*YOUR OBJECTIVE*. Every line from the one with "おしながき(各メニューをクリックすると拡大します)" to the one with "主题母板背景填充黑色,打开视", including those two, is to be copied exactly; all other lines of the entries below are left out.

*AVAILABLE RECORDS*.
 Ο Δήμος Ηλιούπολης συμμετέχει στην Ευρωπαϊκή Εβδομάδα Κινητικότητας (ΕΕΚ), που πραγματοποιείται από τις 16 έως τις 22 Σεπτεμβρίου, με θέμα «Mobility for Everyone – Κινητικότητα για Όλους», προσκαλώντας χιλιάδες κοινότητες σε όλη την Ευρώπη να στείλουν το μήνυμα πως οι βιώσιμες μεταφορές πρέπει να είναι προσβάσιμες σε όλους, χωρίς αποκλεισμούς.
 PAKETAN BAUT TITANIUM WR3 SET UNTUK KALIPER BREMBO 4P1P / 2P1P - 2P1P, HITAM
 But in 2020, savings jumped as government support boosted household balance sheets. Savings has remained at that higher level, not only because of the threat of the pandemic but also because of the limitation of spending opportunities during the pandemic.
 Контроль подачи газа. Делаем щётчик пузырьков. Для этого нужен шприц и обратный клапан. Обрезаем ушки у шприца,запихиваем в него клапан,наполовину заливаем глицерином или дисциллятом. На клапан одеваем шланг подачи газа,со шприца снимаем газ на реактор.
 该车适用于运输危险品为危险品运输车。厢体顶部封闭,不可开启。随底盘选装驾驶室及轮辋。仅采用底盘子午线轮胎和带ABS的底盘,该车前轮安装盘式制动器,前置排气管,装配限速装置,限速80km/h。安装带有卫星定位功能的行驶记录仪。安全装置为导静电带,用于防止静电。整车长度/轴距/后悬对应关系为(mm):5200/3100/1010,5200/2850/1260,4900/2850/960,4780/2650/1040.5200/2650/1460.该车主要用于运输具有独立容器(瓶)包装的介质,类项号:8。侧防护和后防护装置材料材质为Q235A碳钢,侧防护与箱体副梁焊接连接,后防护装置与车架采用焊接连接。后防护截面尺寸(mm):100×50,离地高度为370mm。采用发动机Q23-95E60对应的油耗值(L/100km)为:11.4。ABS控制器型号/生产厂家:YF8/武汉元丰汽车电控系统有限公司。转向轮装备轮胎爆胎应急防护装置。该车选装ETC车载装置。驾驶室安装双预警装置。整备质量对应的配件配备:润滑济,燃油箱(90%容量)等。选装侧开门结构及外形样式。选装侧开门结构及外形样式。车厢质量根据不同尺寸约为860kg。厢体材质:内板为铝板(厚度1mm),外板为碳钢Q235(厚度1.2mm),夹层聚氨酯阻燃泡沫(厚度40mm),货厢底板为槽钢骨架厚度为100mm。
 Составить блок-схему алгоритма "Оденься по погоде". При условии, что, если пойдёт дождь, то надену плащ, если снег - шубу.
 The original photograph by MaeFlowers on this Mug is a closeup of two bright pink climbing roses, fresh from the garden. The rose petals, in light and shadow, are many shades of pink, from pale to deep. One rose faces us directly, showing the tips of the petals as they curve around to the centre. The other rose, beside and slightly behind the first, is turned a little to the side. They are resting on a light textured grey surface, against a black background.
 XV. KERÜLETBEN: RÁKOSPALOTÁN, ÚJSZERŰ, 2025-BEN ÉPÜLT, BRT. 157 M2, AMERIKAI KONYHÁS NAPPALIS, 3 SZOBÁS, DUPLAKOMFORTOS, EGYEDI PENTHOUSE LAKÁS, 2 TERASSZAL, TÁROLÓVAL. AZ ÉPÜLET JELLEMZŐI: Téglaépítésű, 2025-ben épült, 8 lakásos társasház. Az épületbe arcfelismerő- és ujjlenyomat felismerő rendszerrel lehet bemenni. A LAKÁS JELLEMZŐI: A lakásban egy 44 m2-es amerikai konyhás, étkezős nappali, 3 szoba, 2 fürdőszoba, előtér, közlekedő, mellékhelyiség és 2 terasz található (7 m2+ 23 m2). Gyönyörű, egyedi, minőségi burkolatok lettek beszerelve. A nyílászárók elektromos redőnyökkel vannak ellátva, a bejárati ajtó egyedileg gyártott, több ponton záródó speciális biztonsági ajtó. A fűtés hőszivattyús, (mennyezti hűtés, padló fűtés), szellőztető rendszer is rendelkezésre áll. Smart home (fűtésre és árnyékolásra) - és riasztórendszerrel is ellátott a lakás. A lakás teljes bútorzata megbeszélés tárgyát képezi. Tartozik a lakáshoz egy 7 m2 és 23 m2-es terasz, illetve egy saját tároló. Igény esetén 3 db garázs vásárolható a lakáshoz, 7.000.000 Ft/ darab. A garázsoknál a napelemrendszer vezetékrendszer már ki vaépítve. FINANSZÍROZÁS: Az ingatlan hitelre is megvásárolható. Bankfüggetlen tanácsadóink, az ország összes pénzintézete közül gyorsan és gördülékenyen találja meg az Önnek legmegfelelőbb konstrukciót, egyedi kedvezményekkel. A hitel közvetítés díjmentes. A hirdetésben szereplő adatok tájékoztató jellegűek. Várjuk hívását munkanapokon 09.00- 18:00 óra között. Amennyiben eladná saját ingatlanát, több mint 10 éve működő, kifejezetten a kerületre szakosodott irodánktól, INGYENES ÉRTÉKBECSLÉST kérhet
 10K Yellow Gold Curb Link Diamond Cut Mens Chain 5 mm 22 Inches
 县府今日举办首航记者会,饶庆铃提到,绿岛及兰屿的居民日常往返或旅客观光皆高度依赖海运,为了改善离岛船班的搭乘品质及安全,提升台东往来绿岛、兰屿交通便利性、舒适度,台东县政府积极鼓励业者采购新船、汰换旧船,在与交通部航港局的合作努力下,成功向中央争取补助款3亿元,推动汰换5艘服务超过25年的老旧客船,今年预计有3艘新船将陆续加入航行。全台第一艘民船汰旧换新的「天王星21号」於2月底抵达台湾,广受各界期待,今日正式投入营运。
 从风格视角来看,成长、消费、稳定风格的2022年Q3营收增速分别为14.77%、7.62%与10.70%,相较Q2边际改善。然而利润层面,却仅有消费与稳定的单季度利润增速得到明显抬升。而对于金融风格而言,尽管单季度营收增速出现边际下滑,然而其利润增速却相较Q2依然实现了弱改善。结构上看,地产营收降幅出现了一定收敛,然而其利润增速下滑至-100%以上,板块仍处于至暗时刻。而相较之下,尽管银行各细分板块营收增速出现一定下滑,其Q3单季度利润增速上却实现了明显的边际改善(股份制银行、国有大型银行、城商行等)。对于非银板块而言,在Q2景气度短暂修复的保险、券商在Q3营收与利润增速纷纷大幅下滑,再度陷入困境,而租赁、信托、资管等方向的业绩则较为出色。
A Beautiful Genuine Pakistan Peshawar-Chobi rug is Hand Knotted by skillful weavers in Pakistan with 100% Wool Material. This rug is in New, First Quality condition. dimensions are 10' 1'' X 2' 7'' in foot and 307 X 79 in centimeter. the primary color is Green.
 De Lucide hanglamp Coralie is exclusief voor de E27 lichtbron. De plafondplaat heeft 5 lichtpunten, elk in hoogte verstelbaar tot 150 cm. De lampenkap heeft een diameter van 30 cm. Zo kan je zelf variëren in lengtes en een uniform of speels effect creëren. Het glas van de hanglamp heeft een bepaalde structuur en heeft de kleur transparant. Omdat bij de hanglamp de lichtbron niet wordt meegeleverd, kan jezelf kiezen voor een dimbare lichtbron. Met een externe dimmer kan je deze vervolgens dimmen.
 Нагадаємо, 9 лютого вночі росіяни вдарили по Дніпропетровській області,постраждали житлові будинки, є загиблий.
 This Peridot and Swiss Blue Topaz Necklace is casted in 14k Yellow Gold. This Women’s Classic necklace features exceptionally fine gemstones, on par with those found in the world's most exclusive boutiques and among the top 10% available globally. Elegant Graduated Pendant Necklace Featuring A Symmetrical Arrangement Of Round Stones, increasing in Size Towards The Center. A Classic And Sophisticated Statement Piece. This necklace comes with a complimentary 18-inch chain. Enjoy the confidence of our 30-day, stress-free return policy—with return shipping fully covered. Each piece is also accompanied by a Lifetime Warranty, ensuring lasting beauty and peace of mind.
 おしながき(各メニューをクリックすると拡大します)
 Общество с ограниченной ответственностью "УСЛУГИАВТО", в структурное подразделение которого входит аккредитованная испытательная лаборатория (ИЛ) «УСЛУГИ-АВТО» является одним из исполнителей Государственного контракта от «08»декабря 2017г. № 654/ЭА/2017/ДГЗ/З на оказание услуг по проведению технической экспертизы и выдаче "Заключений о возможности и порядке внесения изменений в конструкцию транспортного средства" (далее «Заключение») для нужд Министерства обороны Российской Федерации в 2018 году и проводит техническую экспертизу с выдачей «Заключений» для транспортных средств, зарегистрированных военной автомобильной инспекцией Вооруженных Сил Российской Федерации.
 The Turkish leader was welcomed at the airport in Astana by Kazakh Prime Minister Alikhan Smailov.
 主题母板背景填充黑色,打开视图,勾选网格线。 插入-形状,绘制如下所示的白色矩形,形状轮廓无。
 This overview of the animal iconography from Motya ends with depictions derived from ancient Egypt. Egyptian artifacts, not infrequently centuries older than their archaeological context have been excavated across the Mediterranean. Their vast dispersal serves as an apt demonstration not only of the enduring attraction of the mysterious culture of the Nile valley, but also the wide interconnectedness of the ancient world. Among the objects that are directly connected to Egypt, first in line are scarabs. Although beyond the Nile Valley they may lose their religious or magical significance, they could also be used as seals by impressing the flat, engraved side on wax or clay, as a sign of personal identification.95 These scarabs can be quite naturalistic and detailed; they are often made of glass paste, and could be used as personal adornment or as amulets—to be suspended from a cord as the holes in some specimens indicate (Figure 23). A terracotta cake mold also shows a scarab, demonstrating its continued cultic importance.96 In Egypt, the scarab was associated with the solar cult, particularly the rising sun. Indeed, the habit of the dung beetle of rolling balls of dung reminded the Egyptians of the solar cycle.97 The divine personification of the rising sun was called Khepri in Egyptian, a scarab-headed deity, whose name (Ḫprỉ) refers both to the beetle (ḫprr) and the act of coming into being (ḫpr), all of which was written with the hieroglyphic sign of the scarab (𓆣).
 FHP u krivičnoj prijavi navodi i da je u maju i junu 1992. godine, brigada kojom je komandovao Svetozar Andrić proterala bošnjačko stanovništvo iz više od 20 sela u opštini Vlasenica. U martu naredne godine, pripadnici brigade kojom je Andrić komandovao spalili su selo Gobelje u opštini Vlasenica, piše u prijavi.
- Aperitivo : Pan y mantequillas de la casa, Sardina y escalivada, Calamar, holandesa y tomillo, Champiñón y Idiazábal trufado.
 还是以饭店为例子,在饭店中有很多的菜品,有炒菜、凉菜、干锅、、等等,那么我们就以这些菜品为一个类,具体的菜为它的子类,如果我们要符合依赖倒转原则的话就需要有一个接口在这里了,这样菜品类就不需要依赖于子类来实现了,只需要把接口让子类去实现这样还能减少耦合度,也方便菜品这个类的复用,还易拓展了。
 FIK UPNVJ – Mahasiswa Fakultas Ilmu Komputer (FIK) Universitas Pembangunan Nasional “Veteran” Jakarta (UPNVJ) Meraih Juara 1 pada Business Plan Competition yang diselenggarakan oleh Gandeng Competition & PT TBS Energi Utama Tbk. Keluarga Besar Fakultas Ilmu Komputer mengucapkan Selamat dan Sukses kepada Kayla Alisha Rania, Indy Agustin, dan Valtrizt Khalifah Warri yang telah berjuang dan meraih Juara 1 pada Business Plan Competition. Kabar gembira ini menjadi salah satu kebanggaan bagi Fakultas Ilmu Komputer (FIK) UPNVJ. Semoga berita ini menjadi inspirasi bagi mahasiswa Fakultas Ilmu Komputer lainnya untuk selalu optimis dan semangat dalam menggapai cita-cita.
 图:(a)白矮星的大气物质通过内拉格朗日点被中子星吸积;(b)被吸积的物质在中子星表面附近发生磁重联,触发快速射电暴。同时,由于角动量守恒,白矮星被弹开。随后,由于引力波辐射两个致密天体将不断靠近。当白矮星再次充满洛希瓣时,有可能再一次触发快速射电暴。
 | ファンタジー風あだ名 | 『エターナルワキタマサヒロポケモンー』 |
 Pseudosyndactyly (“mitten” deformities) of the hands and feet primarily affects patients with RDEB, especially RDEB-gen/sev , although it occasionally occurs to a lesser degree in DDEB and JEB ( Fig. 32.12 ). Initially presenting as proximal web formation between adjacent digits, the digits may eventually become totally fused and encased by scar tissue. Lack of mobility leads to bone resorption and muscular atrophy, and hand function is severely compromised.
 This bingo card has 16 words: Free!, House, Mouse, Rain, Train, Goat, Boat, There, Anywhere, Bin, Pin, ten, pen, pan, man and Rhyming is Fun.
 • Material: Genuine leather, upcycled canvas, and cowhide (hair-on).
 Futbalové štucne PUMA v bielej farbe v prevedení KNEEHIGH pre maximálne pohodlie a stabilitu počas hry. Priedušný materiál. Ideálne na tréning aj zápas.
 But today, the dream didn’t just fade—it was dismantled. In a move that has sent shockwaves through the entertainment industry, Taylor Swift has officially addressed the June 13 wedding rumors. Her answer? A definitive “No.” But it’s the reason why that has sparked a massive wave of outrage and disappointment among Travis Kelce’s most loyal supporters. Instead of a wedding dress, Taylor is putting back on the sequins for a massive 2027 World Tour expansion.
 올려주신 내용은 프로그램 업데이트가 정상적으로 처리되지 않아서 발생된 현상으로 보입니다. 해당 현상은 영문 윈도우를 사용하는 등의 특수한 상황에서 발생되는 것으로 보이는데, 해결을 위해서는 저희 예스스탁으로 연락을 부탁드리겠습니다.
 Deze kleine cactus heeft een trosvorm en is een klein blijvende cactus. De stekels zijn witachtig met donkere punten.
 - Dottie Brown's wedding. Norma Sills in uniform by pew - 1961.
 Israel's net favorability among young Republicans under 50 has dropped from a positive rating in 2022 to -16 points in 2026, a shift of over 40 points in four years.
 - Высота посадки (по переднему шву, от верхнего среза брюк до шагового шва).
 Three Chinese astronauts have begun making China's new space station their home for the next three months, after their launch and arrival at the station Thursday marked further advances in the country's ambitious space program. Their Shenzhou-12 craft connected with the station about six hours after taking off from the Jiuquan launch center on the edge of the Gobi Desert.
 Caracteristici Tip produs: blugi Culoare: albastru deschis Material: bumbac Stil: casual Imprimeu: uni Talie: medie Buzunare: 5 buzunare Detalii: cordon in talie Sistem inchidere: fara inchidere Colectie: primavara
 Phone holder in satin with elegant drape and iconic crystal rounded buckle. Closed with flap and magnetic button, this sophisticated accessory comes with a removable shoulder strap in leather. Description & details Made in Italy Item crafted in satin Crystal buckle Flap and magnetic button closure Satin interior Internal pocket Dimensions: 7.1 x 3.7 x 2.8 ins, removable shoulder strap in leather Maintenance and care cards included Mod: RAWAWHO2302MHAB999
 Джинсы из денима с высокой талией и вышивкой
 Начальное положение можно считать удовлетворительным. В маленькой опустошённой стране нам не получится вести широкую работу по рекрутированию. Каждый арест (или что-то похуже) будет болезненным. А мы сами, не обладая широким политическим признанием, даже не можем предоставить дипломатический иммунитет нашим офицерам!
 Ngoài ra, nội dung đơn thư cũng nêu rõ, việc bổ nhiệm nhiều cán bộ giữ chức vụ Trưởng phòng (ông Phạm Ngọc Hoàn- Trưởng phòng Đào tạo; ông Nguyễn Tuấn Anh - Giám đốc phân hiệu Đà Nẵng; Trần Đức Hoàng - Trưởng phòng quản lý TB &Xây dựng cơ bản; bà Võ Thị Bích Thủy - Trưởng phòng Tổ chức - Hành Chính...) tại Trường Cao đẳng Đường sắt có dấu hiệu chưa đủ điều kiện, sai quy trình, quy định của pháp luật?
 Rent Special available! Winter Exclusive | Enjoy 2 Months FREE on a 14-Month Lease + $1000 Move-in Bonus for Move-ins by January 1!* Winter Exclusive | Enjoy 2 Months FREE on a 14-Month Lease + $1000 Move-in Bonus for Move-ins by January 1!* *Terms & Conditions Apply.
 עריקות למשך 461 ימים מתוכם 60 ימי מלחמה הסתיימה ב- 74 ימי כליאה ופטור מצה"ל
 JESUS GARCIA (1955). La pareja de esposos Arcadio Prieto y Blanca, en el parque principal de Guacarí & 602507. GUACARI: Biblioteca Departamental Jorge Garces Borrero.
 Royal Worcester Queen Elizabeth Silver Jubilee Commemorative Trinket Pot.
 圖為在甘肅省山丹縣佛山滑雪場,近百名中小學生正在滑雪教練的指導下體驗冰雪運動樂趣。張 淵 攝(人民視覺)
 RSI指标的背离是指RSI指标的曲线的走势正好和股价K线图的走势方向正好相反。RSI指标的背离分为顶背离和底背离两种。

*SOLUTION FOR THIS PROBLEM*.
 おしながき(各メニューをクリックすると拡大します)
 Общество с ограниченной ответственностью "УСЛУГИАВТО", в структурное подразделение которого входит аккредитованная испытательная лаборатория (ИЛ) «УСЛУГИ-АВТО» является одним из исполнителей Государственного контракта от «08»декабря 2017г. № 654/ЭА/2017/ДГЗ/З на оказание услуг по проведению технической экспертизы и выдаче "Заключений о возможности и порядке внесения изменений в конструкцию транспортного средства" (далее «Заключение») для нужд Министерства обороны Российской Федерации в 2018 году и проводит техническую экспертизу с выдачей «Заключений» для транспортных средств, зарегистрированных военной автомобильной инспекцией Вооруженных Сил Российской Федерации.
 The Turkish leader was welcomed at the airport in Astana by Kazakh Prime Minister Alikhan Smailov.
 主题母板背景填充黑色,打开视图,勾选网格线。 插入-形状,绘制如下所示的白色矩形,形状轮廓无。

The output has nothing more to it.